7) we added another tecnique, using solid gold to make some details shine.


----------



## Philipp_Akura (Nov 6, 2017)

That's fantastic news for a great watch project! Have you got some images, would be great to see the new version!


----------



## BillSWPA (Feb 19, 2015)

I think your dials are absolute works of art. 

Particularly if you are considering commercializing these proto0types, I would strongly encourage registering the copyright promptly so that you have an application filing date in advance of any potential infringement. Once the registration is issued, the application filing date becomes the effective date, and having an effective date prior to infringement is critical for obtaining an award of statutory damages (as opposed to actual damages which must be proven) and attorney fees.

Readability is a high priority for me when selecting a watch, but I recognize that in a watch of this type, readability will take a back seat to the artistic design at least to some extent. With careful selection of hands and markers in colors that provide a relatively high level of contrast with the colors in the immediate background, the readability issue can be mitigated.


----------



## cleef16 (Feb 2, 2016)

I think you've had a very cool and original idea for this project. We can't really talk tastes as everyone has their own but here's what I'd personally prefer.

I REALLY like the fact that you gave the case back an engraved model that also follows the whole theme of the watch.

I understand what you did with the dial and I like the hour markers that you used but I would have gone with a slightly different design or maybe change the color palette around. I'd definitely change the hands with some that are not modern-looking but vintage (maybe Breguet style hands). Also they need to be a lot more visible and that's why I'd go for a different dial. The dial itself has to have visible time...

I like that you put the date where the X is on the map/dial but maybe it would have been nice for the window to be higher or, perhaps, add a magnifier/cyclops.

I, also, would have gone for a slightly different style of crown. It's alright, and it is the correct size but I feel like it doesn't entirely match with the antique/vintage vibe of the theme of the watch. Maybe an onion-style crown (or at least a modern iteration of it) would look nice.

If you really like to keep the dial, maybe consider adding the rest of the hour markers and/or at least add the minute markers. Since you're going with a bit of a map/exploration theme you could simply draw 2 lines and make a cross on the dial. Lines that connect N with S and E to W. Kind of like the watch below (you get the idea).


----------



## Tonystix (Nov 9, 2017)

I think you did a very nice job on the dials! Very creative!


----------



## antikitera (Mar 29, 2017)

Ok, I have to thank you all for the advices; some of them, I must say, were already in my mind and you just confirmed things I have thoughts, in particular: breguet hands and onion crown. These are probably going to a future project if I continue in this insanity. Another thing that got me interested was baton hands that I didn't even know existed and are now in the bag for future craziness, navy related.
In the end leaf hands won because they are multi purpose and I can buy them in block and use them for different designs.

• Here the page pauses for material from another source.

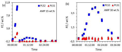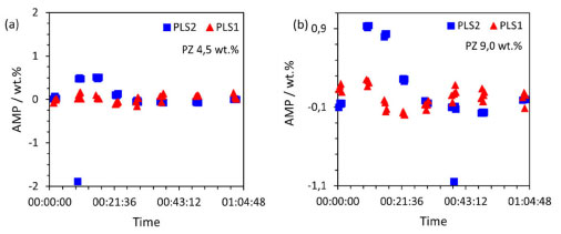 ![]() Figure 7. AMP prediction comparison between PLS and PLS2 models in PZ solutions
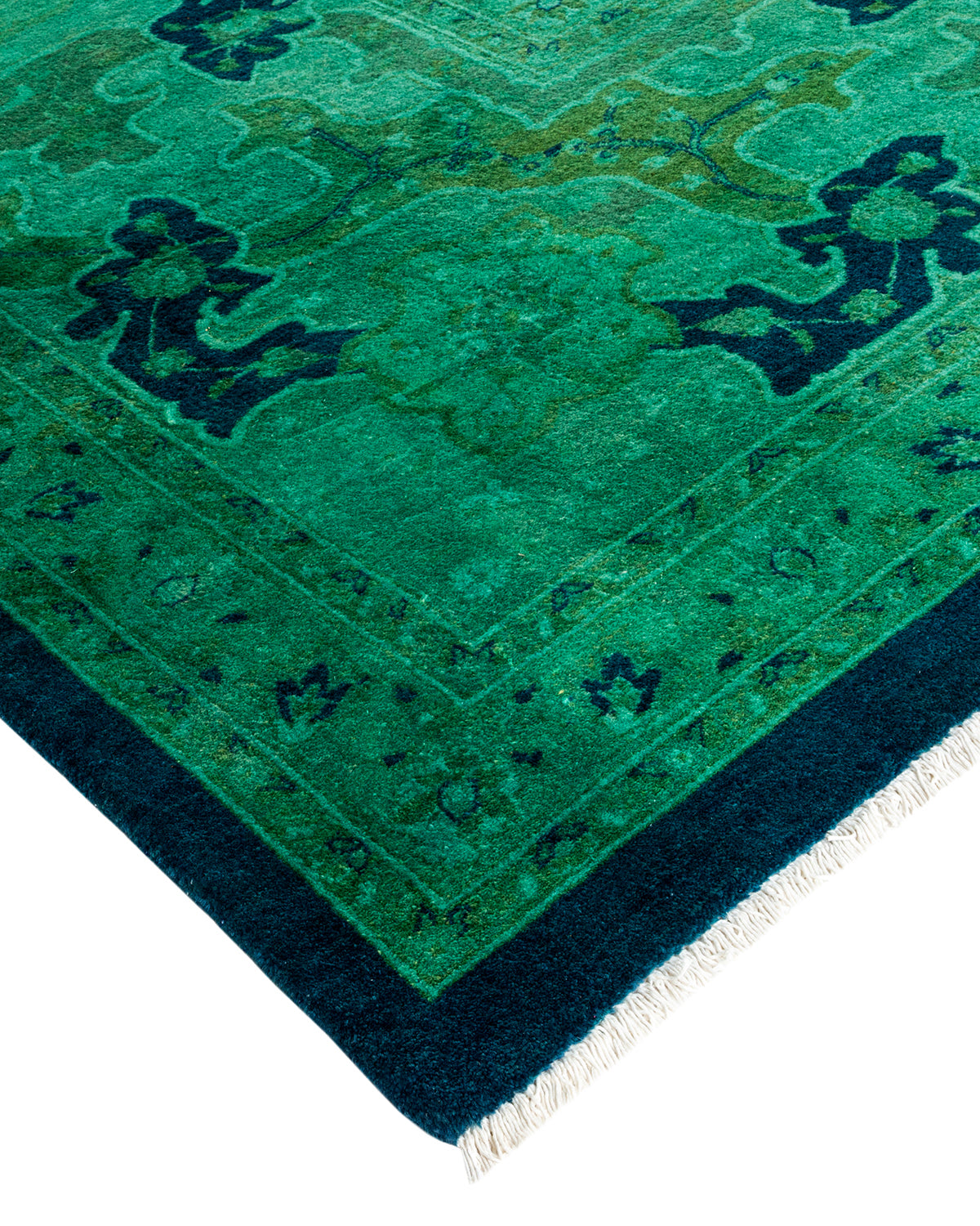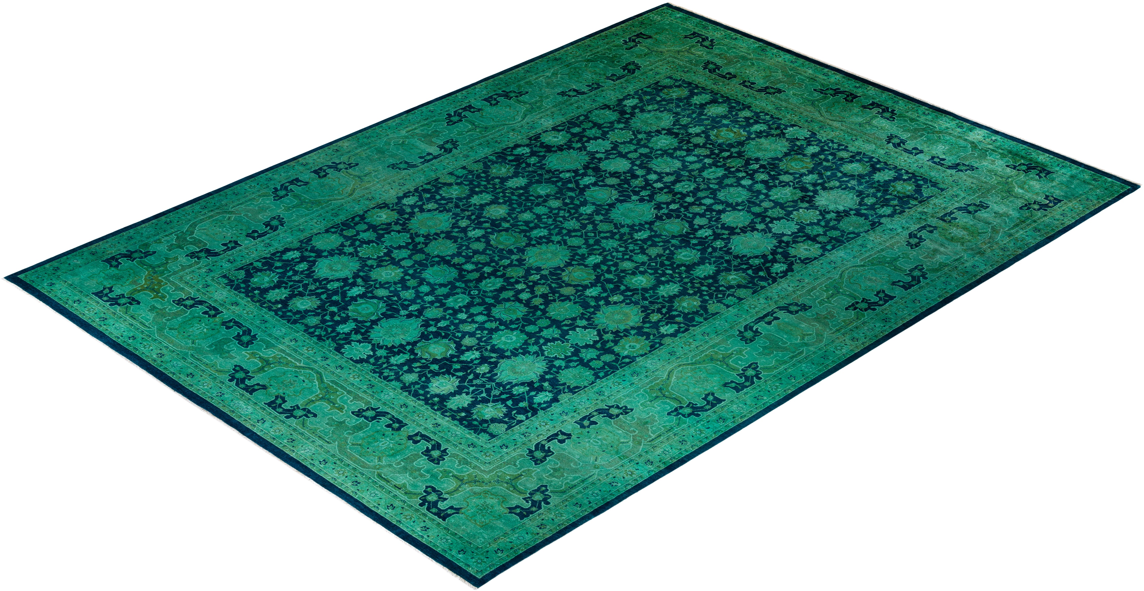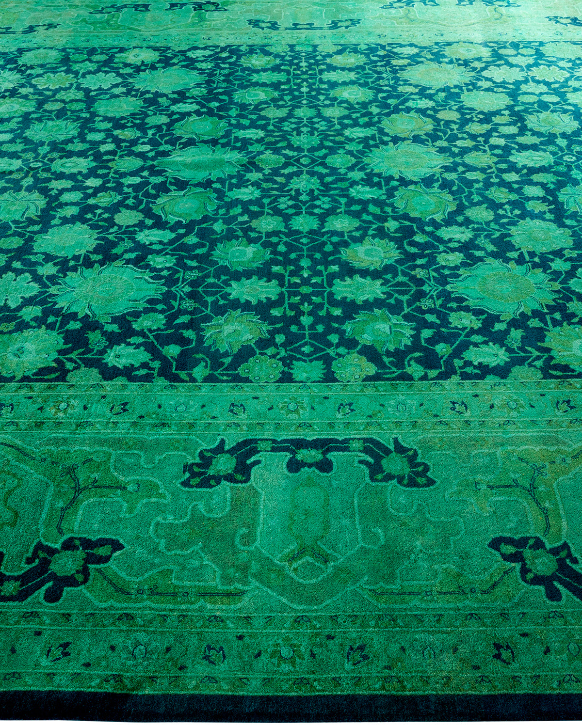 Contemporary Hand-Knotted Overdyed Green Area Rug 10' 2" x 14' 4"

Nonetheless, I'm very interested in make some breguet hands experiment, problem is I don't know where to buy a set that fit a 2824/2892 movement if someone knows where to buy them let me know.

Now someone asked for the last developments so this is a new prototype with the Amerigo ship, in this photo the gold in the dial is not particularly shining, this is interesting, because depending on how th light is positioned it appear either as plain yellow/orange color OR as full shining gold. in the photo it is kind of middle way. this is fascinating and doesn't happens in other ceramics I've seen with the same threatment. I think is the small surface that makes the trick









This instead is the venice deal, maybe we used a too low temperature, so the surface is still rough, also the new glaze doesn't vitrificate enough and is a bit opaque , on th top of that the glazing method made the dial too thick. long story short we have to experiment and start over again. but I'm satisfied with the overall look of the painting.


----------



## Chronograph1987 (Apr 2, 2018)

Did you make all the watch ? Amaizing job, if you sell watches definitely i will buy one. Kind regards.


----------



## antikitera (Mar 29, 2017)

Chronograph1987 said:


> Did you make all the watch ? Amaizing job, if you sell watches definitely i will buy one. Kind regards.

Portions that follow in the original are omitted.